鸣人看着还留在原地的卡卡西,不解的问:“卡卡西老师,你还有什么事情么?”
卡卡西搔了搔后脑勺,将身边的兔子抱了起来,“这只兔子就是我从村外捡回来的,不过不知道为什么第二天就变成了黑色。”

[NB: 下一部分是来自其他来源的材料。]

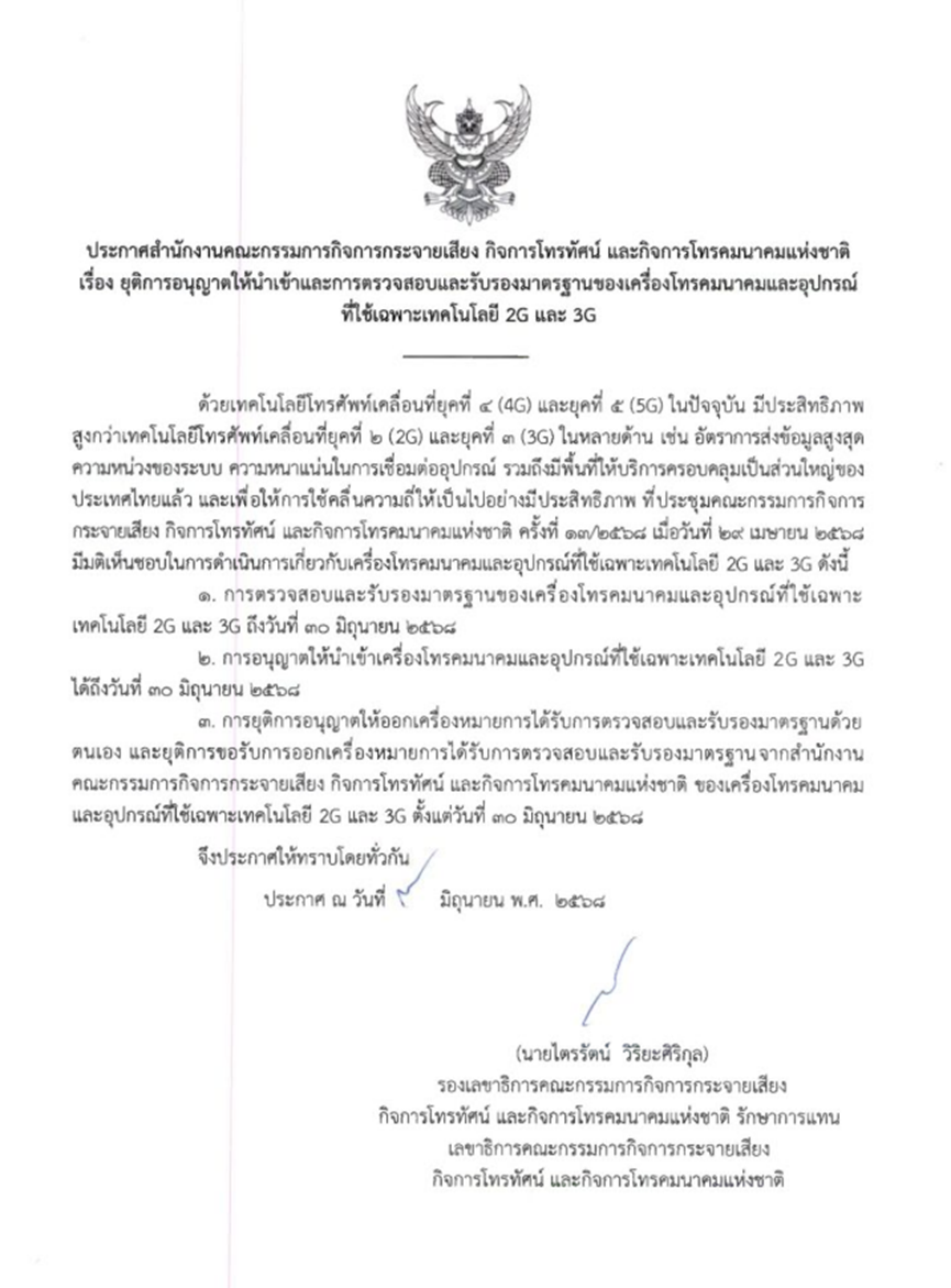 近日,泰國國家廣播和電信委員會(huì ) (NBTC) 宣布了一項重大監管變化,自2025年6月30日起,將正式禁止進(jìn)口僅在2G和3G網(wǎng)絡(luò )上運行的電信設備和裝置。此外,NBTC將不再為此類(lèi)設備頒發(fā)檢驗和認證標志。

鸣人抿唇扬起一个细小的弧度,湛蓝色的眼眸如同浩瀚大海,一眼望不到底。“卡卡西老师,你今天有没有看见带土?”
卡卡西摇了摇头,神色疑惑。
“那你是不是一整天都和这只兔子待在一起?”
卡卡西点了点头,仍旧疑惑。
鸣人脸上的笑意更加明显了,“今天中午的时候,有人向我报告说在自家门前见到了一只白兔子,一进门却发现家裏多了只棕色的兔子,据说他的儿子的头发颜色就是棕色的;下午,也有人向我汇报说在自家阳臺发现了一只正准备逃离白色兔子,而他家裏多出了一只粉色的兔子,据说他的妻子的头发是粉色的。从今天中午开始,陆陆续续有人向我汇报说家裏的某某失踪了,并且有的人看见了白兔子……这么说,卡卡西老师应该想到什么了吧?”
卡卡西提着小黑兔的耳朵,将它与自己平视,“火影大人你是说,这只兔子,是带土?”
黑兔子很愉快的在卡卡西脸上留下了友好的痕迹。